Mike's eyes widened as his mind and Raph's faraway expression supplied the rest of that sentence. _I don't wanna think about it happening ta you._ "I'd...it wouldn't be _worse_--"

"Mikey, the only good thing about all this is that it didn't happen ta you. I couldn't a'...I couldn't a' handled it. Not bein' able ta stop it."

Mike couldn't say he didn't need Raph to keep it from happening. First of all, it probably wasn't true. Second, it would only make things worse. "I mean, I don't hang out with Casey that much. But uh, if it'd been you and me? You wouldn't've let it happen. So it's moot. No 'what if.' It just wouldn't've happened to me."

"You say that. But those guys took me down pretty quick."
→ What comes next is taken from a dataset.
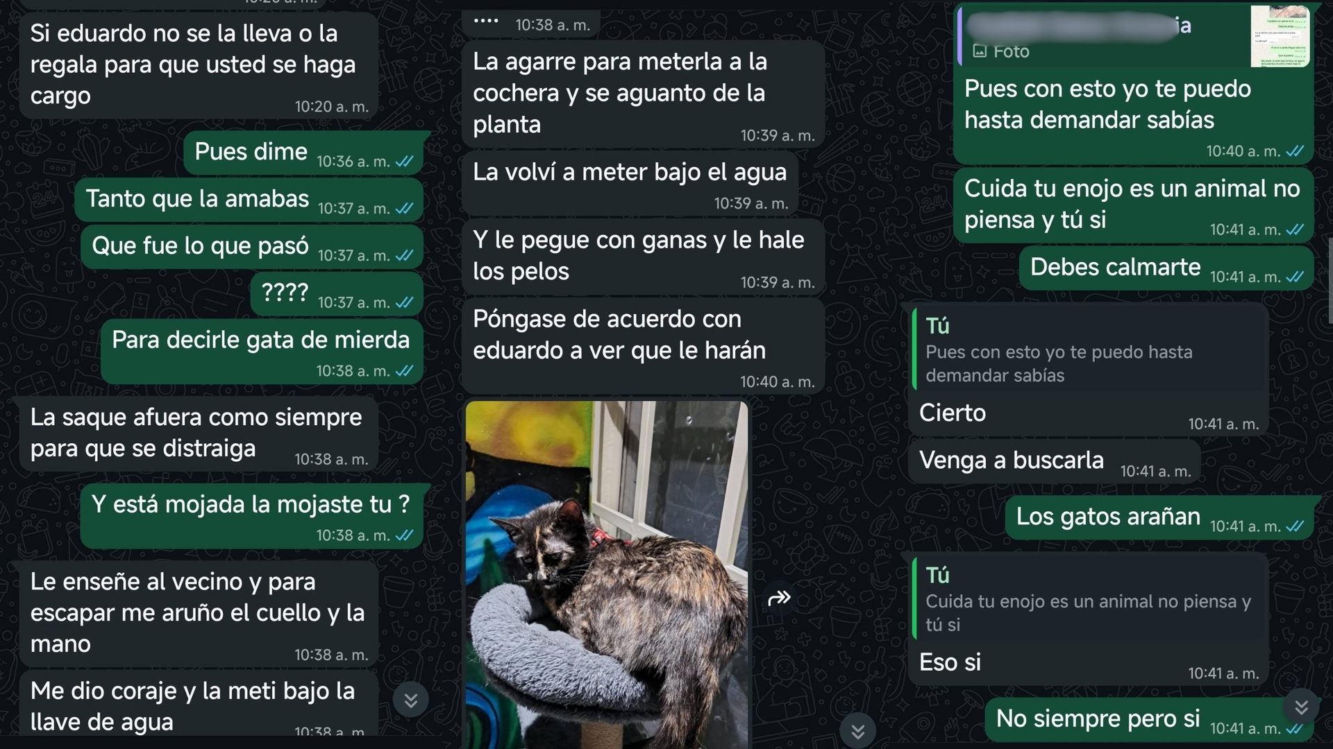 En su publicación, Liliana describió el momento en que recibió el material. “En días pasados recibí unas fotos y mensajes en los que se aprecia a la gatita mojada y groserías e insultos hacia ella, de igual manera comentó que golpeó a la gatita e incluso la puso bajo la llave del agua”.

"If I remember right, they blundered the whole operation and had to go back later for another try. If they took you down, it was by accident. You've...you've got me outta real tight spots before. Got all of us out of 'em, even. That shows you can do it. It's not...hm. This? Doesn't matter. I mean, it matters, but it's not like, demonstrative of how strong you are, or how like, Batman you are, 'cause you're pretty darn Batman, if you ask me." He plucked the comic book from his lap and stared at the cover. "There should be a Nightwatcher comic series. Like, a real one."

"Then make one," Raph said flatly. "Do whatcha want. Just keep bein' yourself. Like I said, the only good thing is that it didn't happen ta you, an' you shouldn't act like it did. If it had ta happen ta one of us, I'm glad it was me. If you're all...damn." Raph hissed in frustration.

He was having trouble putting words to his thoughts again, Mike could tell. He clapped him lightly on the shoulder. "If we're acting like we did before, it's not much different for you than if it did happen to one of us?"

"It ain't like that exactly. I mean, it is different, 'cause I know it didn't happen ta you, but...I guess. Pretty much."

Mike swallowed uncomfortably. "And on some level, you want us to be kinda glad it happened to you and not one of us, 'cause it means you uh, took one for the team? Like if it had to happen?"

Raph wet his lips, and nodded.

"Dude. Problem with that. It didn't have to happen."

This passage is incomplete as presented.